Lan James H, Yin Yuxin, Reed Elaine F, Moua Kevin, Thomas Kimberly, Zhang Qiuheng
UCLA Immunogenetics Center, Department of Pathology & Laboratory Medicine, Los Angeles, CA, USA; University of British Columbia, Clinician Investigator Program, Vancouver, BC, Canada.
UCLA Immunogenetics Center, Department of Pathology & Laboratory Medicine, Los Angeles, CA, USA.
Hum Immunol. 2015 Mar;76(2-3):166-75. doi: 10.1016/j.humimm.2014.12.016. Epub 2014 Dec 25.
Next-generation sequencing (NGS) is increasingly recognized for its ability to overcome allele ambiguity and deliver high-resolution typing in the HLA system. Using this technology, non-uniform read distribution can impede the reliability of variant detection, which renders high-confidence genotype calling particularly difficult to achieve in the polymorphic HLA complex. Recently, library construction has been implicated as the dominant factor in instigating coverage bias. To study the impact of this phenomenon on HLA genotyping, we performed long-range PCR on 12 samples to amplify HLA-A, -B, -C, -DRB1, and -DQB1, and compared the relative contribution of three Illumina library construction methods (TruSeq Nano, Nextera, Nextera XT) in generating downstream bias. Here, we show high GC% to be a good predictor of low sequencing depth. Compared to standard TruSeq Nano, GC bias was more prominent in transposase-based protocols, particularly Nextera XT, likely through a combination of transposase insertion bias being coupled with a high number of PCR enrichment cycles. Importantly, our findings demonstrate non-uniform read depth can have a direct and negative impact on the robustness of HLA genotyping, which has clinical implications for users when choosing a library construction strategy that aims to balance cost and throughput with data quality.

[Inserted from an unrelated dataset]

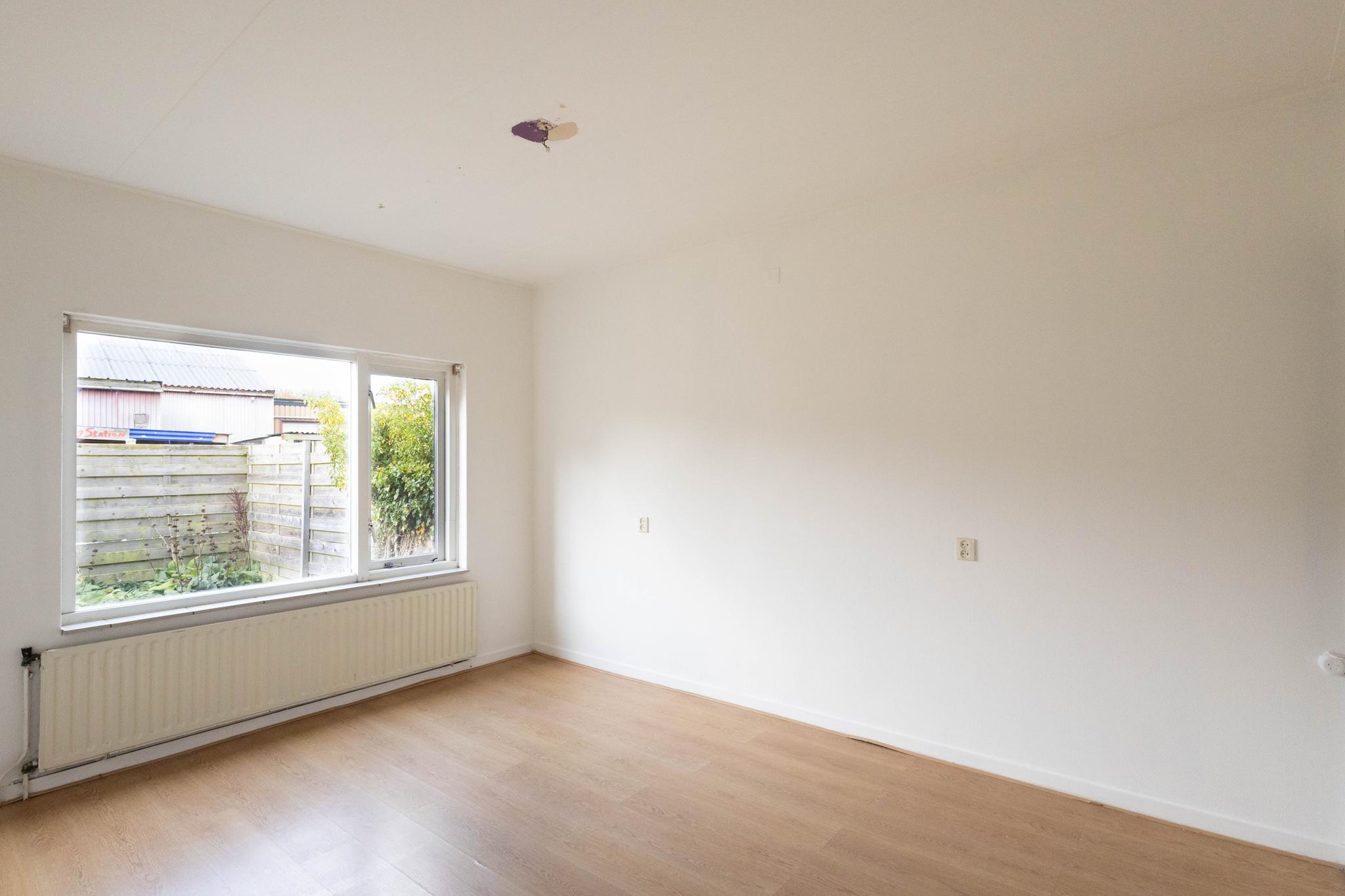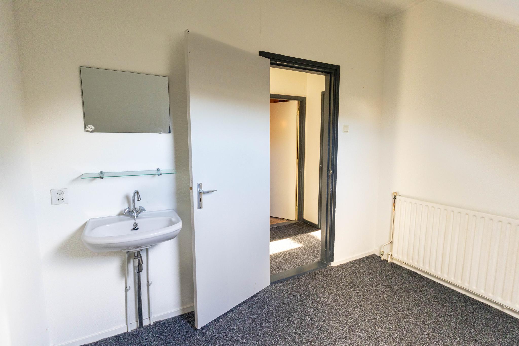 Ruime hal / entree met opgang en meterkast. Toilet met fonteintje. Badkamer met wastafel en inloopdouche. De badkamer is gedateerd en zal vervangen moeten worden. Ruime woonkamer met een aangename lichtinval door de grote raampartijen. Half open keuken met een eenvoudige opstelling. Bijkeuken met achter entree en aansluiting voor de witgoedopstelling. Slaapkamer I met vaste kast onder de trap.
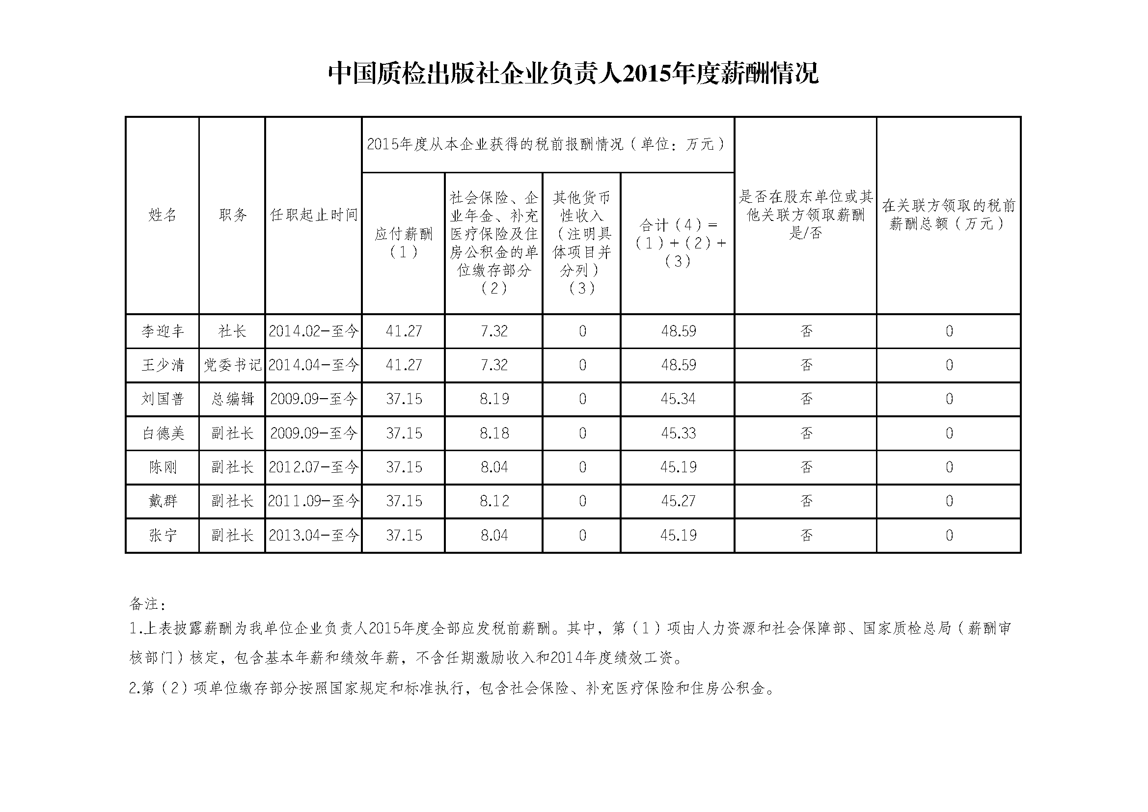 根据人力资源社会保障部关于做好、企业负责人薪酬信息披露工作的要求,经审核,现将、质检出版社企业负责人2015年度薪酬情况披露如下:

下一代测序(NGS)因其能够克服等位基因模糊性并在HLA系统中提供高分辨率分型而日益受到认可。使用这项技术时,不均匀的读数分布会妨碍变异检测的可靠性,这使得在多态性HLA复合体中实现高可信度的基因型分型尤其困难。最近,文库构建被认为是引发覆盖偏差的主要因素。为了研究这种现象对HLA基因分型的影响,我们对12个样本进行了长程PCR,以扩增HLA-A、-B、-C、-DRB1和-DQB1,并比较了三种Illumina文库构建方法(TruSeq Nano、Nextera、Nextera XT)在产生下游偏差方面的相对贡献。在此,我们表明高GC%是低测序深度的良好预测指标。与标准的TruSeq Nano相比,基于转座酶的方案(特别是Nextera XT)中的GC偏差更为突出,这可能是由于转座酶插入偏差与大量PCR富集循环相结合所致。重要的是,我们的研究结果表明,不均匀的读数深度会对HLA基因分型的稳健性产生直接负面影响,这对于在选择旨在平衡成本、通量和数据质量的文库构建策略时的用户具有临床意义。